In previous studies, pre-trained gLMs have found some success by focusing on specific regions of the genome during pre-training or working with simpler organisms with compact genomes28,34,85. For instance, a BERT-based LLM trained strictly in the coding genome can provide more context than only considering amino-acids with protein language modeling (e.g., codon usage)35,36,45. However, our evaluation shows that extending the pre-training task across the whole genome struggles to capture meaningful representations in the non-coding genome.

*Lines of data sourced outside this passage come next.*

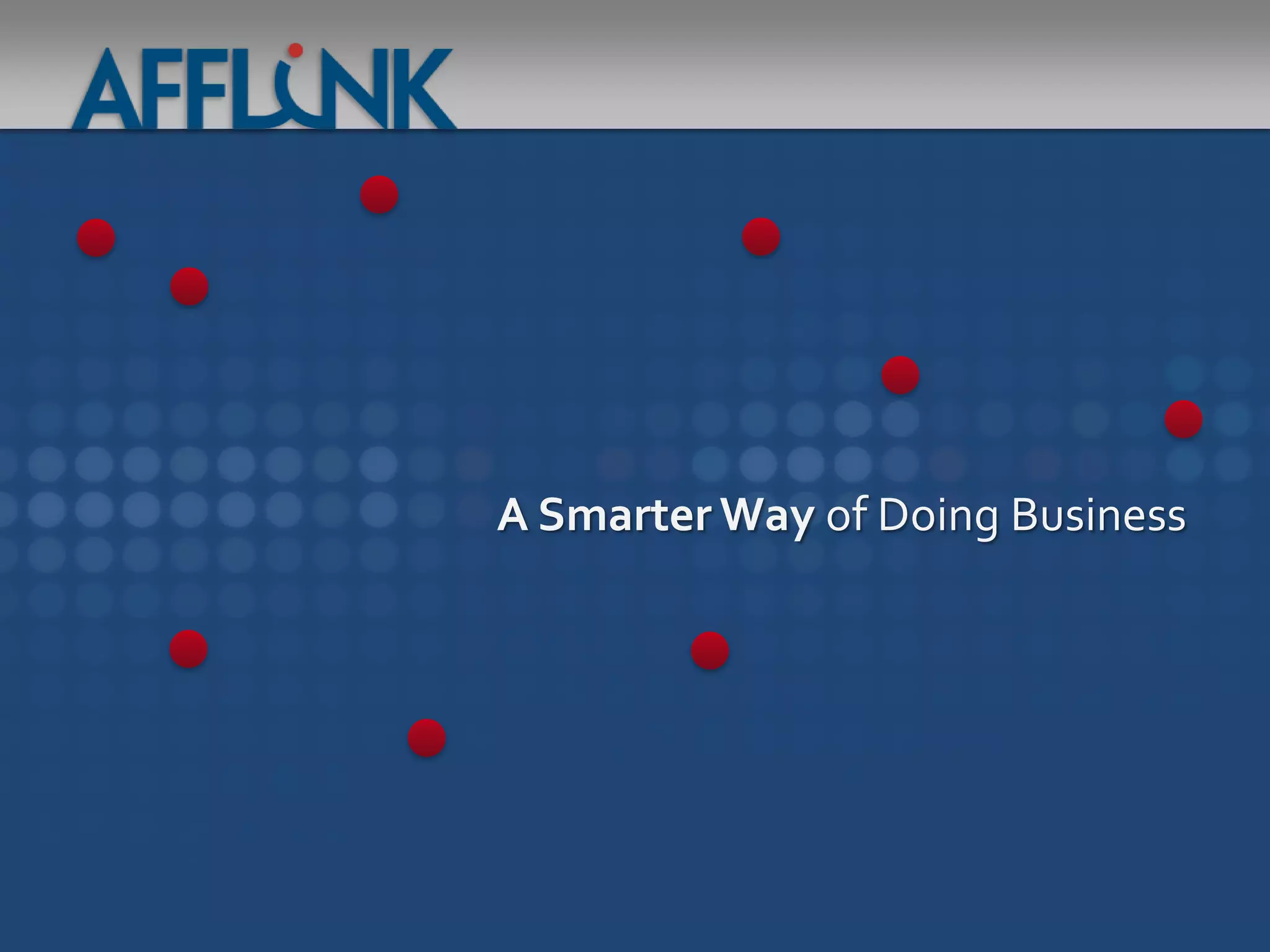 Afflink is a global leader in supply chain optimization, founded in 1977 and acquired by the Blackstone Group in 2008. The company emphasizes its role as a sales and marketing organization that focuses on delivering quantifiable growth and differentiation for its members through comprehensive business solutions. With a commitment to improving overall business health and maximizing profits, Afflink aims to provide competitive advantages in the marketplace.
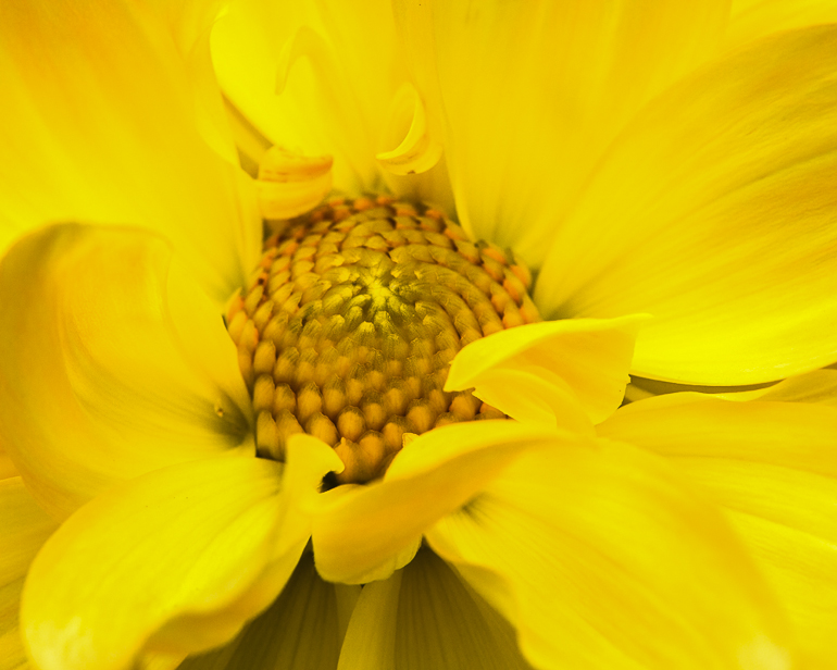 In your face sunshine! Really like the flower you chose and the way you opted to capture it. The swirl of the petals around the middle adds movement. Echoes the Fibonacci swirl of the center elements. The subtle orangey lines on the petal tips add nice dimension and texture. Nice how you kept some of the under layer petals at the bottom - adds interest to composition. I played with it and edited it differently. Your version ahs a softness to it; my version brings down the highlights just a bit and brings out some of the detail and shadows more distinctly. Its a personal interpretation; see what you think in the VF image. Love this shot! |
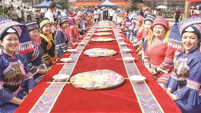 每年的农历五月二十至二十九期间,广西大化瑶族自治县的瑶族群众都要欢聚一堂,举行射弩、斗鸡、打陀螺等瑶族传统的民间文娱活动,欢庆“祝著节”。图为6月23日,广西大化瑶族自治县瑶族群众举办长桌宴欢庆“祝著节”。
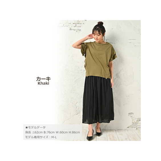 • ガーリーなフリルが綺麗に二の腕をカバーする半袖無地Tシャツ 大きいサイズ レディース17
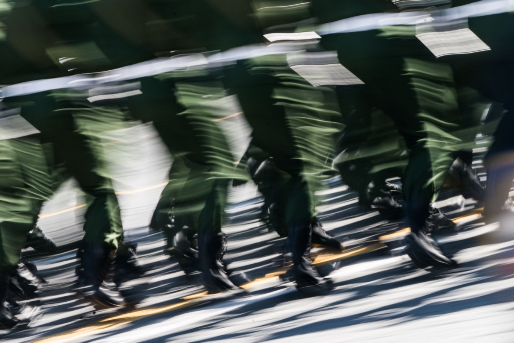 2018年5月9日,在俄罗斯莫斯科,俄军士兵参加阅兵式。(新华社记者吴壮摄)
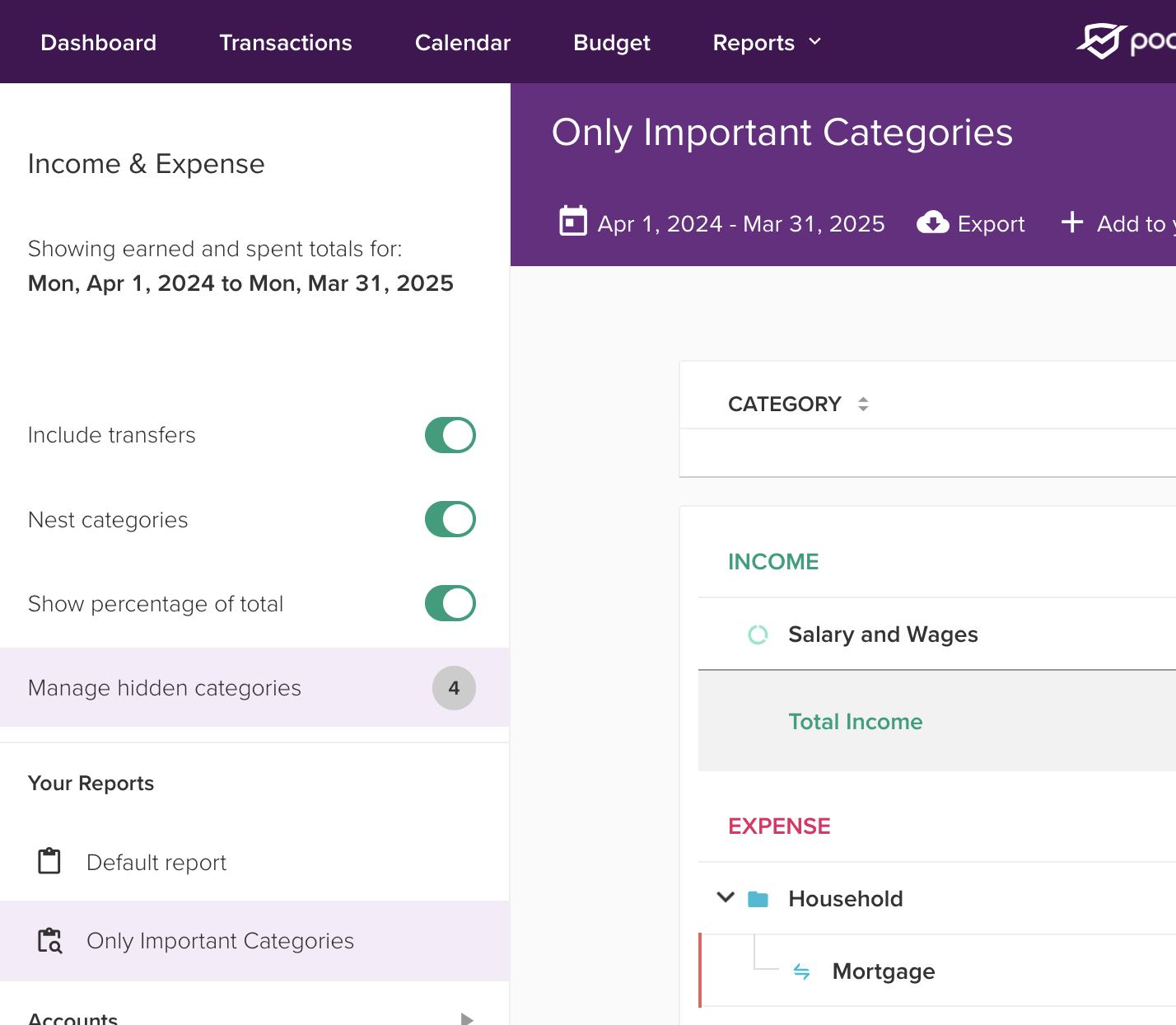 Hot on the heels of the release of saved reports for Income & Expense a couple of weeks ago, categories can now be hidden on a per-saved-report basis, instead of globally for all reports as it did previously.

The performance gap may be due to differences in the structure of the coding regions versus the non-coding regions. To elaborate, protein sequences have a clear start and end with low-level grammars (i.e., secondary structures) and high-level grammars (i.e., protein domains) shared throughout most globular proteins, with structures conserved across species. On the other hand, the non-coding genome contains a variety of short sequence motifs that vary broadly in binding affinities and are sparsely located in seemingly random DNA, with usage and rules that vary across loci and cell types. Few non-coding elements exhibit deep conservation that is typical in proteins. The differing selection pressures in the non-coding regions lead to loss of synteny, which makes it difficult to study sequence and functional conservation. Thus, treating each nucleotide position equally, whether informative or uninformative, makes this a challenging language modeling task. In the non-coding genome, this is tantamount to expecting the LLM to predict predominantly random nucleotides, which, by definition, can only be achieved via memorization. Hence, this may explain why gLMs have also found greater utility in learning cis-regulatory features in simpler organisms with compact genomes, such as bacteria40,85,86, arabidopsis20, or yeast28, which have substantially reduced junk DNA87–89.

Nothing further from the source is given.